A world without mosquitoes (2010) - denzil_correa
http://www.nature.com/news/2010/100721/full/466432a.html
======
ianbicking
Inspired by this article, and getting bitten by mosquitoes since then, and
some of the more interesting species-targeting work being done, I've been
thinking about this topic.

There is a very major positive impact that mosquito elimination would have:
we'd stop trying to suppress mosquitoes. We'd stop spraying for mosquitoes.
We'd be more lax about standing water. Standing water is treated like
something awful, and while it can get a bit smelly and obnoxious, that's
because standing water is an interesting host for lots of life, and besides
mosquitoes that life is mostly fine. Add in tick elimination and we could let
many more urban areas go fully wild. More people would spend more time
outside, and I think that would itself be a major ecological factor, as it
would positively affect our attitude about the outdoors.

There's a couple obnoxious insects, but nothing compares to the mosquito.
Eliminate mosquitoes and suddenly the human race can come to peace with bugs.
That would be hugely ecologically positive.

------
beloch
Wiping out a species deliberately flies in the face of the philosophy of
environmental conservation that we all learned in school and from media.
However, we have wiped out organisms that threaten humans before (e.g.
smallpox) and are currently in the process of wiping out others, such as polio
and the guinea worm, which is a parasite that is ingested in contaminated
water only to emerge, slowly and painfully, through the skin (see
Dracunculiasis).

In terms of deaths caused, mosquitoes are undoubtedly far deadlier than any
species humans have eradicated to date. In North America they are more of a
nuisance than a deadly threat, but the same does not hold true for large
portions of the world where they are a major disease vector. They are
unquestionably worth eradicating if it ever becomes feasible to do so.

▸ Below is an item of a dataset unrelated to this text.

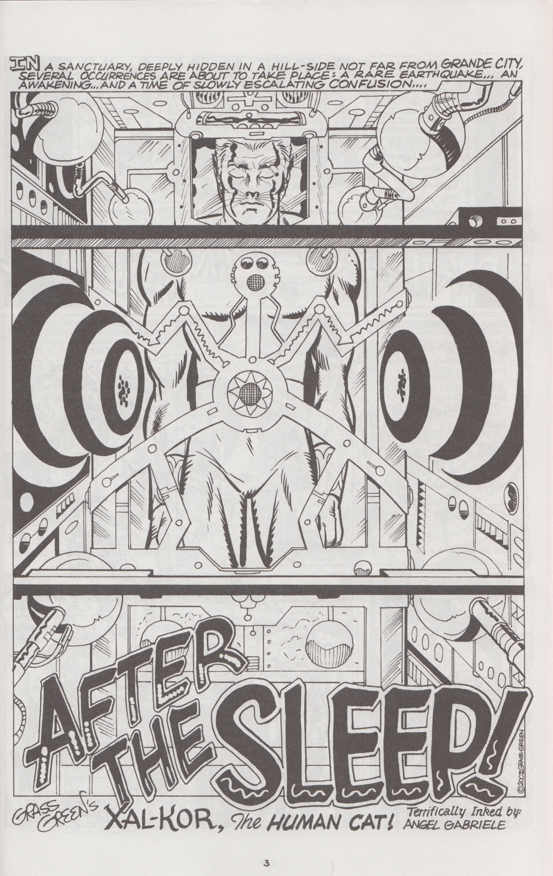 In rest of the comic, there is a sometimes awkward relationship between word and image—Skeates’ elaborate prose juxtaposed with Adkins’ large, sparsely detailed panels, often in grids of three.

The question should not be whether or not we should eliminate the species of
mosquitoes that feed on humans. Instead, we should ask how can we minimize the
impact of eliminating these species. Can other species of mosquitoes that are
not disease vectors, or other insects entirely, fill in the vacated niche? Is
it possible to eradicate mosquitoes in test areas to see what the long-term
impact is? If we do eradicate them globally, how long would we have to "hit
reset" by hatching and releasing stored eggs if unforeseen consequences make
it necessary?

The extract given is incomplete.